Llega entonces el momento de gestionar un cambio que debería haber empezado hace mucho pero que empezó ahora, y hay que ganar el tiempo perdido.
“Lo primero que hicimos fue modificar nuestra misión: definir para qué está la asociación y para quién trabaja. Y parece simple pero no lo fue; debimos reenfocar el hecho de que la conducción de la asociación está ahí para trabajar para la actividad y no para sí misma. Y lo segundo fue enfocar en nuestro objetivo: hacer crecer la actividad. La asociación no es una cámara fácil, es muy compleja y en muchos casos hay enojo con las reformas, por los intereses cruzados que existen. Pero los estamos trabajando. No siempre se reconoce el esfuerzo, pero no buscamos reconocimiento, buscamos hacer crecer a la actividad”.

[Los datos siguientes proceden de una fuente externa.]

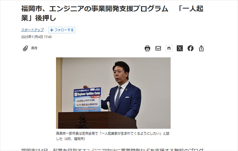 福岡市がエンジニア向けに「一人起業」を後押しする事業開発支援プログラムをスタート。

Lo que la “asociación” ha logrado, sin embargo, no es poco. Pero tampoco se sabe si un período de dos años –de los cuales, además, se perdieron los ocho primeros meses por cuestiones de conflictos legales con ex integrantes de su estructura– alcanza para pegar un timonazo que le permita a las agencias dejar de ser la especie dominante de un ecosistema en decadencia y les haga crecer en un siglo donde todos nacen a un paso de la obsolescencia.
“En los intereses macro nos hemos puesto más o menos de acuerdo –sigue Olivera–. Y tenemos una ventaja con respecto a otras asociaciones profesionales del ramo: la asociación es reconocida, tiene más de 70 años de camino y ese tiempo pesa. La publicidad es algo que hoy no se discute, ni su necesidad, ni sus beneficios. Y nuestra asociación ya tiene un peso específico frente a otros actores del mercado: en los medios, el Gobierno, los anunciantes. Hay que reformar, modificar, pero mantener eso, no podemos tirar toda la historia por la borda. Hay que recuperarla. Pero hay que rumbear distinto, enfocarnos cien por ciento en el negocio. Y del negocio, lo primero que tenemos que hacer es instalar el debate entre nosotros y con los anunciantes sobre el marco de remuneración; y buscar la forma de recuperar rentabilidad”.
Reorganizando las fuerzas
“Por ejemplo, tenemos un instituto educativo. Excelente, de primer nivel. Pero que se llevaba 80% del tiempo. Eso era un desbalance”.
Con todo, Olivera y sus representados enfrentan otro problema: las bajas barreras de entrada a la actividad. Casi cualquiera que quiera –y sepa algo del tema, vale decirlo–, puede “montar una agencia de publicidad”, como canta Fito Páez.
Los títulos universitarios y terciarios en publicidad proliferan; año a año, legiones de egresados jóvenes ingresan a las agencias, aprenden mucho o algo del metier y cuando son expelidos por el sistema, arman su propia estructura, ampliando la oferta, pero canibalizando el mercado.
Y la solución, que siempre estuvo ahí pero nunca nadie puso sobre la mesa, empieza a emerger: colegiarse. Falta un tiempo, pero el momento en que la homologación de las agencias dentro de un marco regulatorio que dirá quién y quién no es una agencia de publicidad, está cerca.
“Hoy tenemos detectadas 80 ‘agencias de publicidad’ que aparecen en los medios como tales, pero que no pertenecen a la asociación –dice Olivera–. Eso significa menos talento, menos calidad y más problemas para los anunciantes. Sabemos que la publicidad es la marca, no es la publicidad de la marca. Si el talento emigra a otras actividades, si la calidad no se cuida colegiadamente, si no se certifica quién puede y quién no ejercer fidedignamente la actividad. La homologación que proponemos será gradual, y tendrá que ver con la estructura del servicio de cada organización y no con su pertenencia o no a la asociación. Habrá agencias homologadas que serán no-socias, y las habrá al revés. Pero terminará con la noción de que hay mejores y peores agencias. Una empresa será una agencia o no lo será, punto”.
“¿Un proceso gradual? –se pregunta un miembro del directorio de la AAP, quien pidió no ser identificado para no ser señalado por violar el secreto de las actuaciones de ese cuerpo–. No será gradual nada, será darwiniano, y si se puede, salvaje. No hay tiempo, no hay margen, no hay oxígeno. Se acabó”.